* Data provided *

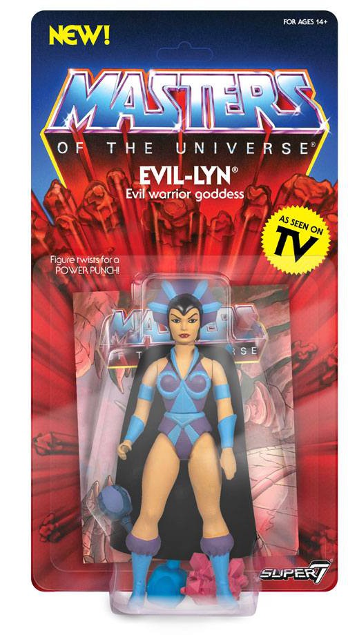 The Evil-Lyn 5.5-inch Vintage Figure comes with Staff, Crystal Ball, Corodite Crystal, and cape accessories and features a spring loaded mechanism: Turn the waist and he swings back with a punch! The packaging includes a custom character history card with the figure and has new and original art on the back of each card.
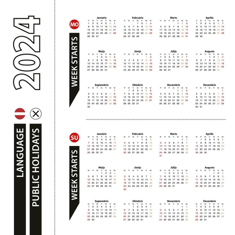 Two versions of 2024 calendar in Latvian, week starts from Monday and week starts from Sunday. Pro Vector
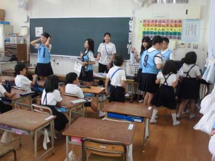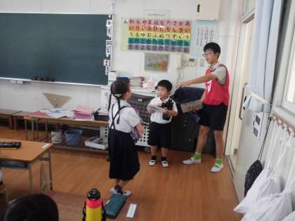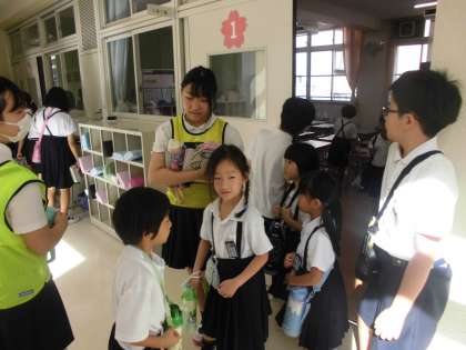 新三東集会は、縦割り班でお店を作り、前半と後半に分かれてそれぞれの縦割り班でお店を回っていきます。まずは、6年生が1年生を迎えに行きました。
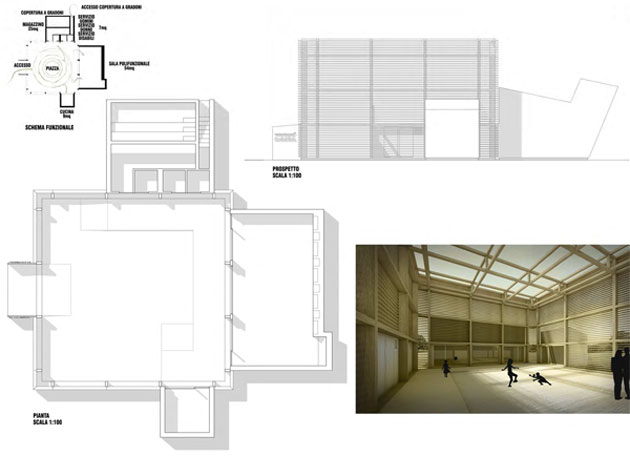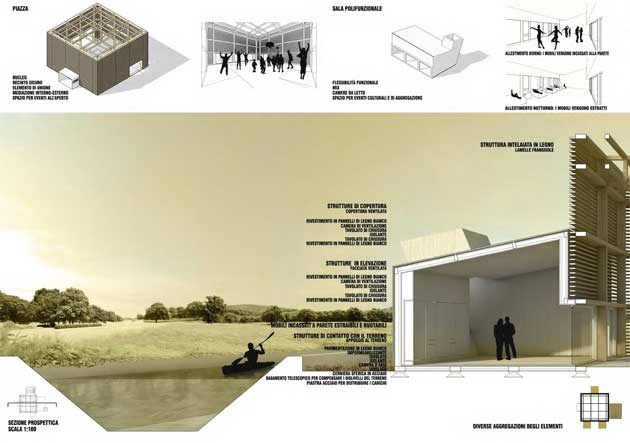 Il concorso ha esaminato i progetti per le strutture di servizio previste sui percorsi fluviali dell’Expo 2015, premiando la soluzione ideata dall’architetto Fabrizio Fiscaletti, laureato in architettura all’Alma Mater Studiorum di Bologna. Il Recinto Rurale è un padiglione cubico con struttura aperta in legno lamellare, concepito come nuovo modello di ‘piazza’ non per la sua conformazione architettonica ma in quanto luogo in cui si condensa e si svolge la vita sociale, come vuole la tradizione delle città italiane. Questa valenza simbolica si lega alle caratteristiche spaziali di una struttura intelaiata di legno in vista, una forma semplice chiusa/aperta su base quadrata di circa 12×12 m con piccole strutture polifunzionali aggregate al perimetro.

--

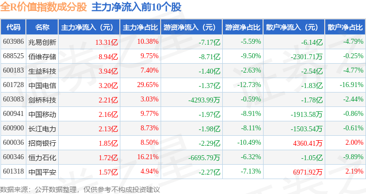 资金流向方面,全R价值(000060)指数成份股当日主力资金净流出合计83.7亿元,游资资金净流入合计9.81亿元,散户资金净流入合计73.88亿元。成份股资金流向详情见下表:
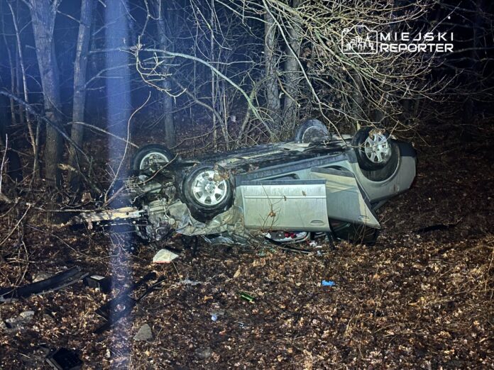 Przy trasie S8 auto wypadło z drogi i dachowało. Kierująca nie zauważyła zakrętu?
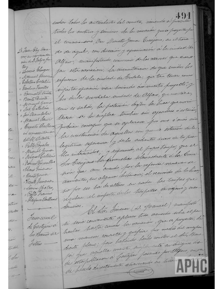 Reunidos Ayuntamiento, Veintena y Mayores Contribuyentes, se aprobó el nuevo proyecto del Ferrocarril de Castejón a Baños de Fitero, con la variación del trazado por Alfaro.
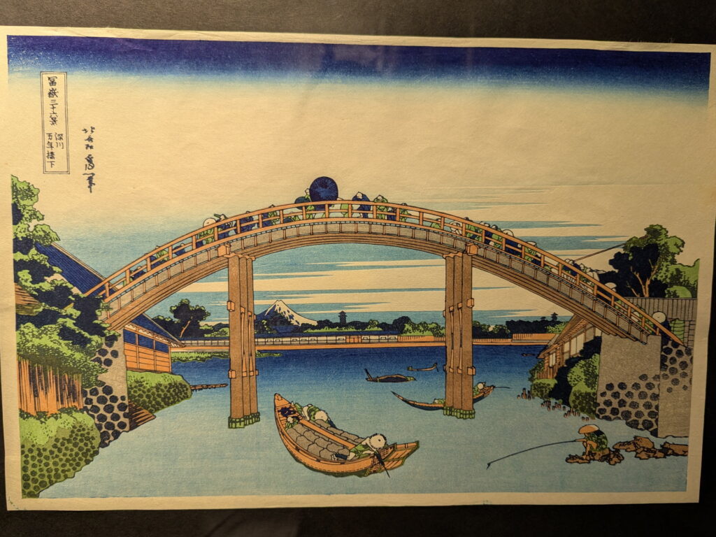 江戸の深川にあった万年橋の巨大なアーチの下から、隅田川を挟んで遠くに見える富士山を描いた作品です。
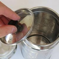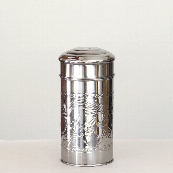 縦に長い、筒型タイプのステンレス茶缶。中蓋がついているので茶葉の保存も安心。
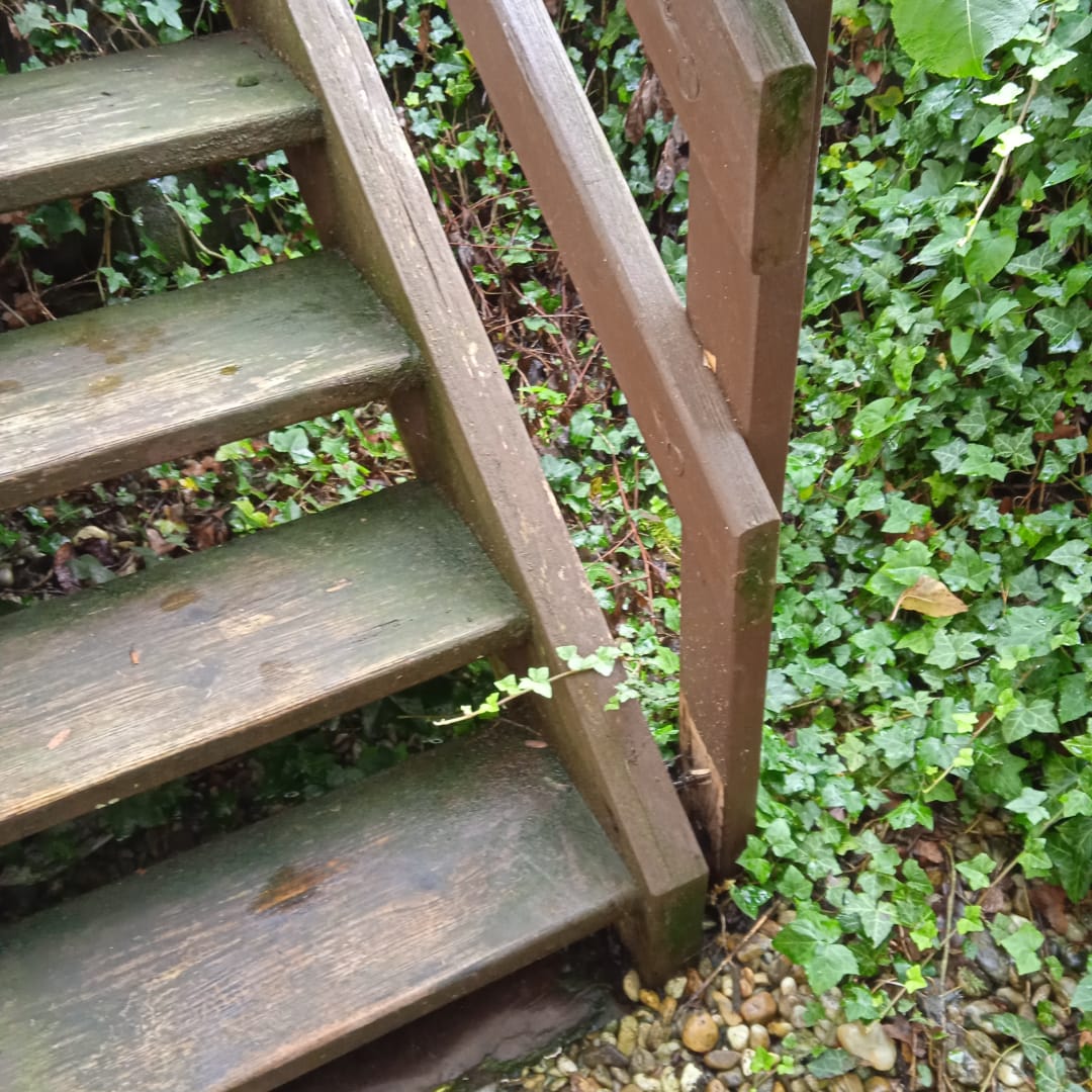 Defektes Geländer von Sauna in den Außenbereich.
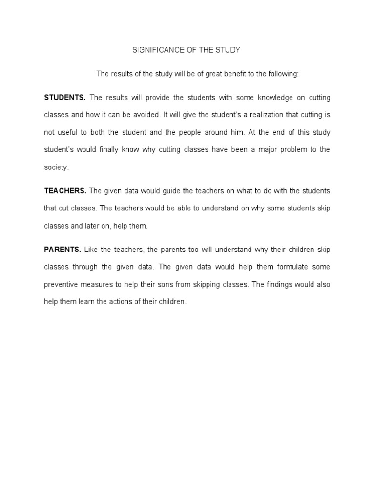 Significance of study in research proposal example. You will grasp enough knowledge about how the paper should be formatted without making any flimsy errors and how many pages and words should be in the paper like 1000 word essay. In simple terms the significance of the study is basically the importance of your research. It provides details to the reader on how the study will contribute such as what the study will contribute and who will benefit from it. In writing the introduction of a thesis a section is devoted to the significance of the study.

* About this task *
Pictures are to be left out. Write out only the lines above starting at the one with "江戸の深川にあった万年橋の巨" and ending at the one with "Significance of study", both lines included, exactly.

* Exercise solution *
 江戸の深川にあった万年橋の巨大なアーチの下から、隅田川を挟んで遠くに見える富士山を描いた作品です。
 縦に長い、筒型タイプのステンレス茶缶。中蓋がついているので茶葉の保存も安心。
 Defektes Geländer von Sauna in den Außenbereich.
 Significance of study in research proposal example. You will grasp enough knowledge about how the paper should be formatted without making any flimsy errors and how many pages and words should be in the paper like 1000 word essay. In simple terms the significance of the study is basically the importance of your research. It provides details to the reader on how the study will contribute such as what the study will contribute and who will benefit from it. In writing the introduction of a thesis a section is devoted to the significance of the study.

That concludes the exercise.